Imagine you want to make a net out of string to filter and catch objects of a certain size, minimizing the length of string employed. (This actually arises in filtering biological impurities from water.) One way to model the problem is as follows.

A net $N$ is a connected, infinite plane graph with no vertex of degree $1$. The objects to be caught are all convex shapes $C$ of area $\ge 1$:

Above, the disk has radius $r=1/\sqrt{\pi} \approx 0.56$, the square is $1 \times 1$, etc.

A shape $C$ can pass through the net if there is some positioning of $C$ such that the closed shape $C$ shares no point with $N$. Otherwise $C$ is caught by the net $N$. Let $\cal C$ be the set all convex shapes $C$ of area $\ge 1$.

A natural net is an orthogonal grid, a tiling of the plane by $1 \times 1$ squares. It seems clear this catches all shapes in $\cal C$. Its efficiency can be measured by the length of string per unit area of the plane. For this grid, this $L/A$ ratio is $2$.
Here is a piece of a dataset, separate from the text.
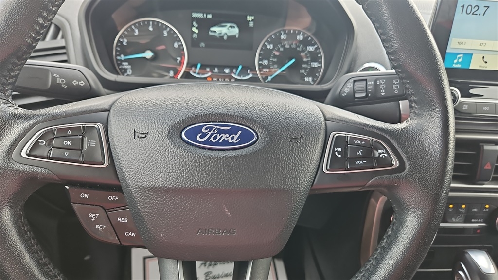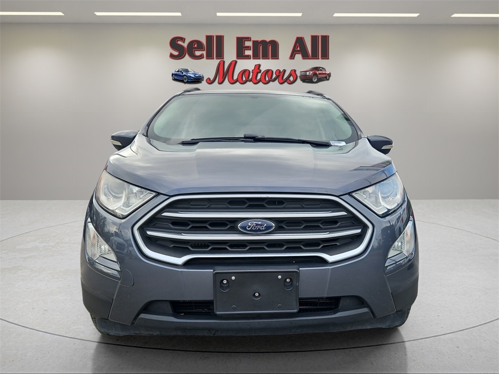 Sell Em All Motors in Vidlia is pleased to offer this fantastic-looking 2018 Ford EcoSport in Smoke Metallic This vehicle has passed our comprehensive inspection and comes with the following Equipment Group 200A, SE Convenience Package (110V/150W AC Power Outlet, 7 Speakers, Ambient Lighting, BLIS Blind Spot Information System, SYNC 3 Communications & Entertainment System w/47B, and SYNC Connect), 4-Wheel Disc Brakes, 6 Speakers, ABS brakes, Air Conditioning, Alloy wheels, AM/FM radio: SiriusXM, AppLink/Apple CarPlay and Android Auto, Automatic temperature control, Axle Ratio: 3.44, Brake assist, Bumpers: body-color, Compass, Delay-off headlights, Driver door bin, Driver vanity mirror, Dual front impact airbags, Dual front side impact airbags, Electronic Stability Control, Emergency communication system: SYNC 3 911 Assist, Exterior Parking Camera Rear, Front anti-roll bar, Front Bucket Seats, Front Center Armrest, Front fog lights, Front reading lights, Front wheel independent suspension, Fully automatic headlights, Heated front seats, Illuminated entry, Knee airbag, Leather Shift Knob, Leather steering wheel, Low tire pressure warning, Occupant sensing airbag, Outside temperature display, Overhead airbag, Overhead console, Panic alarm, Passenger door bin, Passenger vanity mirror, Power door mirrors, Power driver seat, Power moonroof, Power steering, Power windows, Radio data system, Radio: AM/FM Stereo w/MP3 Capable, Rear Parking Sensors, Rear seat center armrest, Rear side impact airbag, Rear window defroster, Rear window wiper, Remote keyless entry, Roof rack: rails only, SiriusXM Radio, Speed control, Speed-sensing steering, Split folding rear seat, Steering wheel mounted audio controls, SYNC 3 Communications & Entertainment System, Tachometer, Telescoping steering wheel, Tilt steering wheel, Tire Inflator & Sealant Kit, Traction control, Trip computer, Turn signal indicator mirrors, Unique Cloth Heated Bucket Seats, Variably intermittent wipers, and Wheels: 16" Shadow Silver-Painted Aluminum;

But a tiling of the plane by unit-area hexagons is more efficient. The edge length of such a hexagon is $\frac{\sqrt{2}}{3^{3/4}} \approx 0.62$; its incircle radius is $\frac{1}{\sqrt{2} \sqrt[4]{3}} \approx 0.54$. Here it is shown superimposed on the unit-area disk, which it clearly catches.

This hexagonal tiling seems to catch all shapes in $\cal C$, and if I've calculated correctly, its $L/A$ ratio is $\frac{3^{3/4}}{\sqrt{2}} \approx 1.61$.

Q. Is there a more efficient net than this hexagonal tiling?

I asked an analogous question two years ago, "The sparsest planar net that captures every unit segment," whose answer might also be a hexagonal tiling. The current question is more like an isoperimetric problem, and might have been explored already in that context. If anyone knows, I'd appreciate a pointer. Thanks!

Answered by Yoav Kallus. My problem is "equivalent to asking what is the least mean length partition of the plane into cells of area at most $1$." It is therefore "equivalent to the Honeycomb problem, which was solved by [Thomas] Hales" in 1999, just 2035 years since it was "conjectured" by Varro :-). So the hexagonal tiling described above is indeed optimal, but certainly not obviously so. The answer to Q is therefore: No.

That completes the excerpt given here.